SUPPLIED DATA:
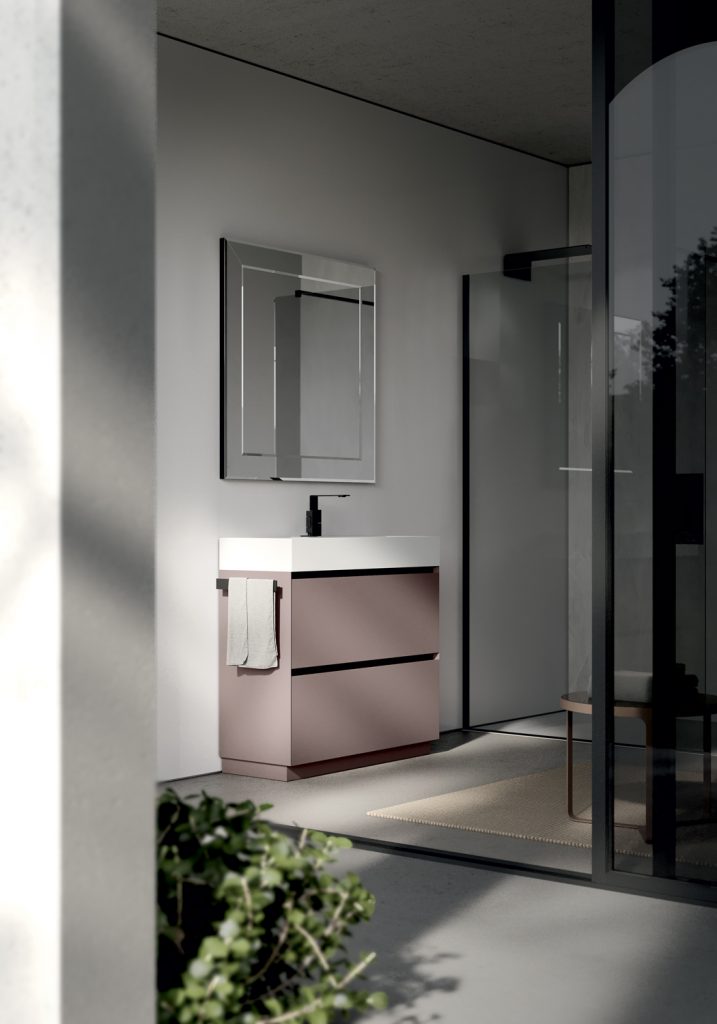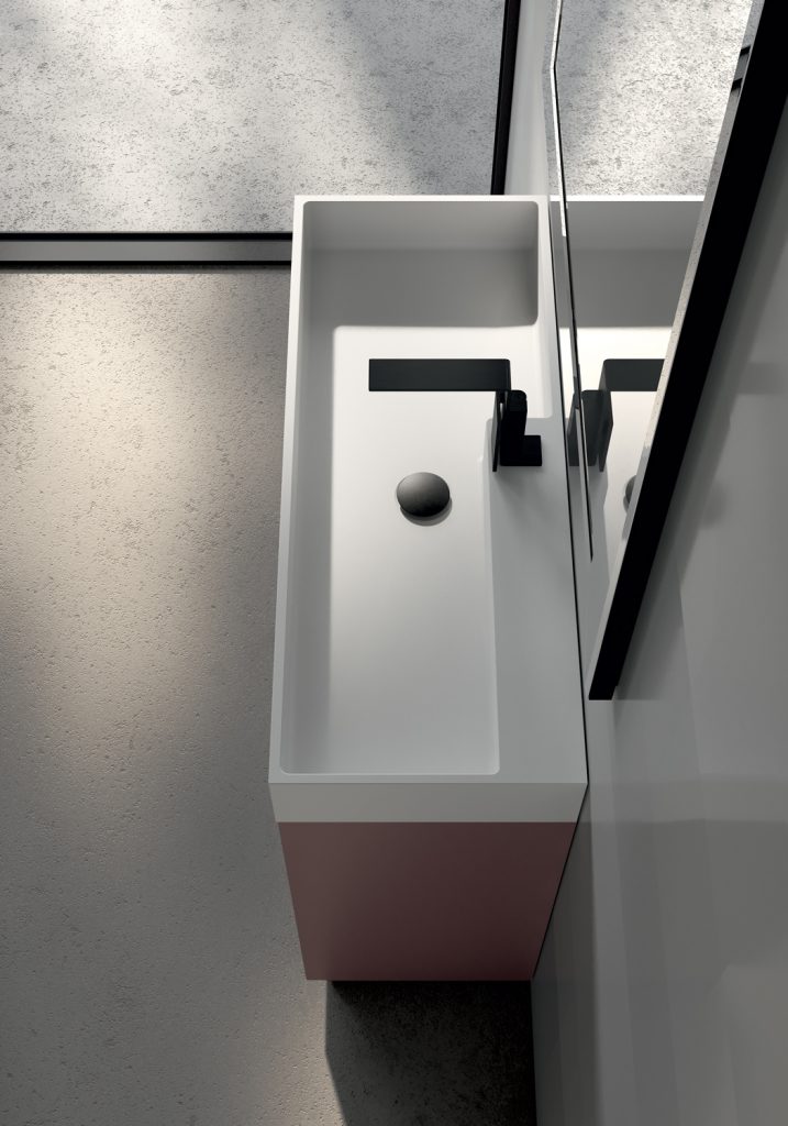 After determining the location of sanitaryware, shower and/or bathtub, the remaining space can be used for the bathroom cabinet (or even just the washbasin), which can come in different sizes. Today’s furniture collections are mostly modular and adaptable to any space, both in width and depth.
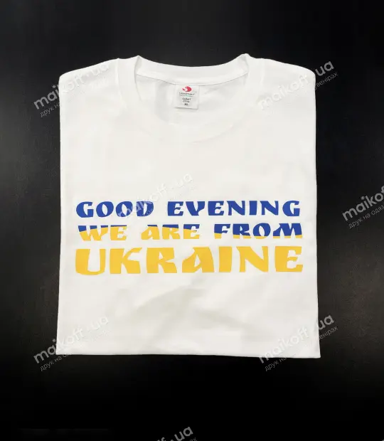 Футболка прямого крою без бічних швів. Тканина 100% бавовна - м'яка та приємна на дотик. Після прання при правильному догляді футболка не розтягується, не сідає і не линяє. Нанести принт Good evening we are from ukraine прапор на футболку можна на груди, на спину, на рукав. Колір принта можна замовити будь-який!
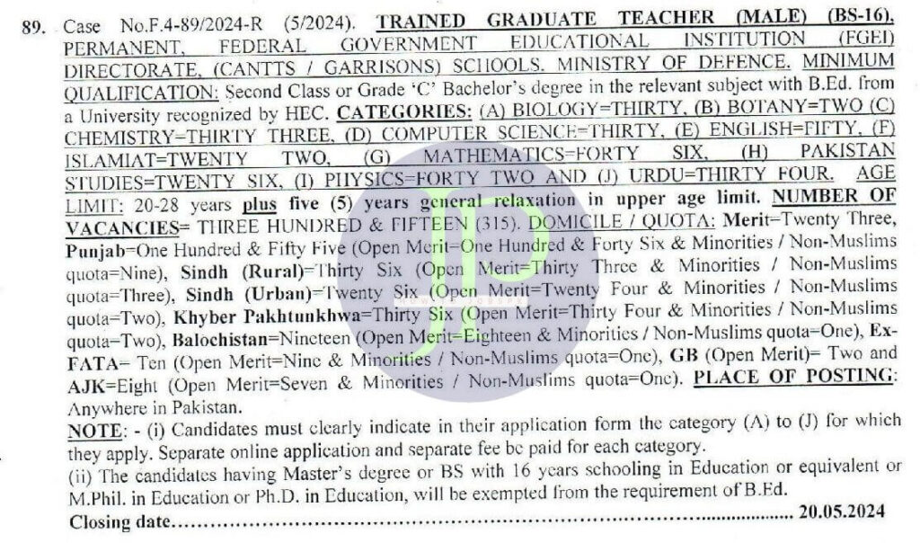 Federal Public Commission announced its consolidated advertisement No. 05/2024 today for FPSC Trained Graduate Teachers TGT Jobs 2024 for both males and females. An online application form is available at www.fpsc.gov.pk for government jobs in Pakistan. Candidates from KPK, Punjab, Sindh, and Baluchistan may apply online for these jobs permanently.
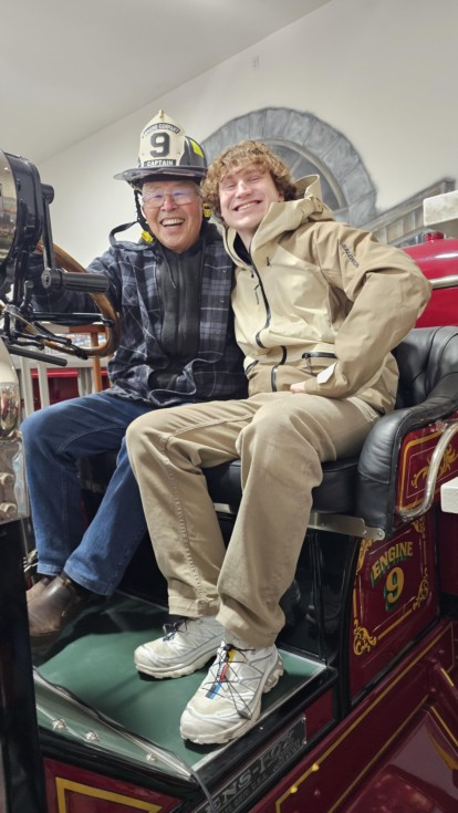 Luca and I on a 1914 fire engine.
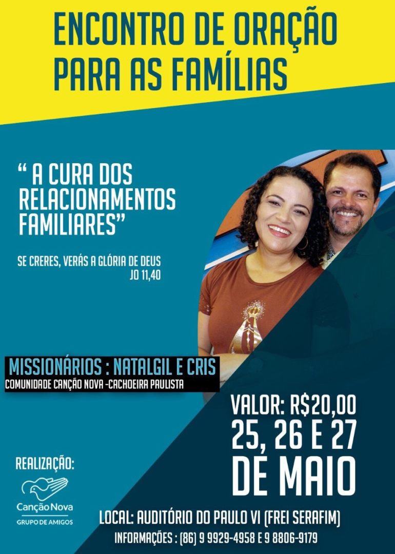 O Grupo de Amigos da Comunidade Católica Canção Nova em Teresina está organizando um momento especial para famílias de toda a Arquidiocese. A programação religiosa terá como temática central: “A Cura dos relacionamentos familiares”. De acordo com a comissão organizadora o encontro será no segundo semestre.

TASK INSTRUCTIONS: With pictures omitted, restate exactly every line from the one containing "Luca and I on a 1914 fire engine." through the last line of the material, inclusive.

OUTPUT FOR THIS EXERCISE:
 Luca and I on a 1914 fire engine.
 O Grupo de Amigos da Comunidade Católica Canção Nova em Teresina está organizando um momento especial para famílias de toda a Arquidiocese. A programação religiosa terá como temática central: “A Cura dos relacionamentos familiares”. De acordo com a comissão organizadora o encontro será no segundo semestre.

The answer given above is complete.